Avraham Burg: which means I'm a human first. And only then my identity is Christian, Jew, whatever.


Bishop Khader: Yes.


Avraham Burg: And by the later identity, I do not write off the original one.


Bishop Khader: Exactly 


Avraham Burg: I simply get on.


Bishop Khader: Yeah… So who is God? That's the main question for us. Is he my God and only my God? So whenever, for example, whenever we read God of Israel. What does it mean? In the context of the Bible, I understand it. OK? but if we take the same word, God of Israel, meaning that he's only our God fighting with us against everyone else, that's not the God that I know. That's a tribal God.


Avraham Burg: Yeah,  because what the church did from second generation Christianity and on opened the particular tribal one into the Gentile universe.


Bishop Khader: Gentiles, go and preach to all nations. So at the beginning, God created everyone, the whole humanity, and the message is addressed to everyone. So this universality of the message. Because God is God of everyone and all of us, we are, you know, we are created and we are children of God, you know, so he cares. God cares about everyone. So I don't want to turn God into a tribal God, the God, you know, as the idea in the past that every people has its own God and the fight is among the gods, et cetera, like. Moses and Pharaoh, for example, 


Avraham Burg: the Pantheon, the Pantheon of Egypt versus the Jehovah.


Bishop Khader: Yeah, exactly. No, the God that I believe in, he's a God of everyone. So if someone tells me that God gave your lands to another people, my question is, who is God? Is he the God of one people or the God of all peoples? He's also my God, you know. So in this universality, I understand the promises of God and I cannot translate or translate the promises of God into something exclusive to one part and excluding everyone else.


Avraham Burg: Father Jamal, I must tell you it's a beautiful reading of Humanism and universality and universalism. It's a beautiful one. And when I see something beautiful, I ask myself questions. Isn't it too beautiful at the sense? 


Bishop Khader: How to translate it into concrete actions?


Avraham Burg: No, no, no, no. That's …There we failed. So far we're not there.

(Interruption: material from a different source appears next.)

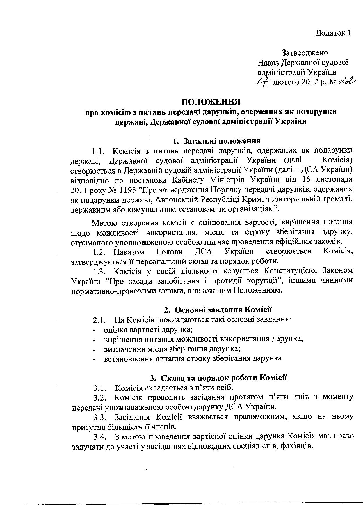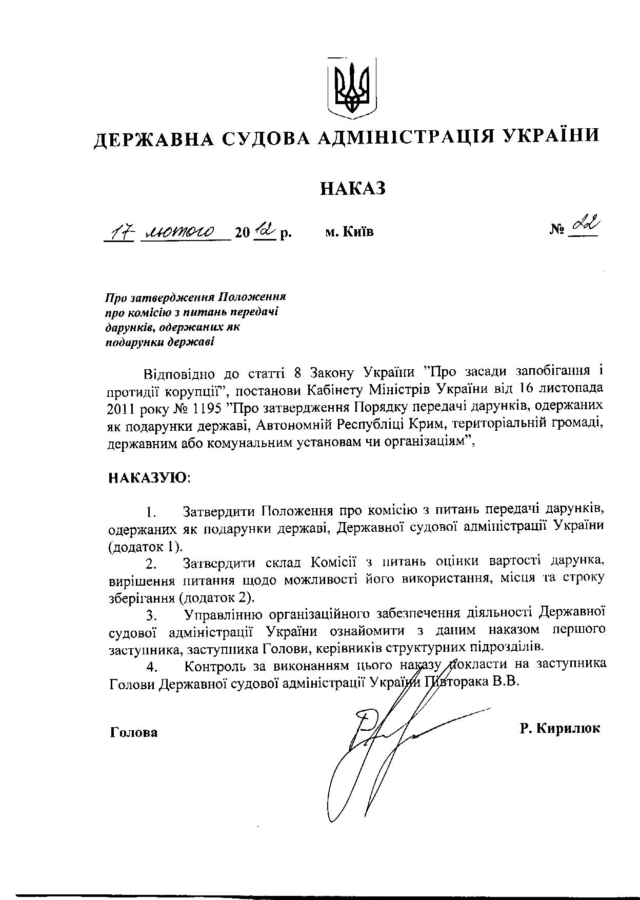 Наказ Державної судової адміністрації України від 17 лютого 2012 року № 22  "Про затвердження Положення про комісію з питань передачі дарунків, одержаних як подарунки державі"

But I put…. I want to walk into your shoes for a second.


Bishop Khader: Ok


Avraham Burg: Not to impose mine, because, I, within Judaism, I'm almost 99% with you because I see the universal the universalism within Judaism the way the particularists do not see it nowadays. So I'm closer to you theologically. yet If we introduce the physical geographical presence, which is Christianity through the eyes of the person or people who were born, the Palestinians as well. In order to succeed in the Palestinian struggle for redemption, for freedom, for liberty. leave aside the tools for that. Just a concept. You have to cooperate with the overwhelming majority of Palestinians who are not Christians, mainly Muslims. And here is a dilemma for you. The common denominator you have with me is the Old Testament. This is the one you do not have with them, because there is no common denominator between the Christian both Testaments and the Koran. So on one hand you're closer to me textual wise, and on one hand you're closer to them politically wise. So this is one side of the dilemma. And here I go to another side of the dilemma. You live within the church. You know what? You live within churches. How many churches are there in the West, especially North America, who read the same text you read and say no, no, no, Jews only. So it's a dilemma within Christianity and dilemma between Christianity, Judaism and Islam, politically speaking. 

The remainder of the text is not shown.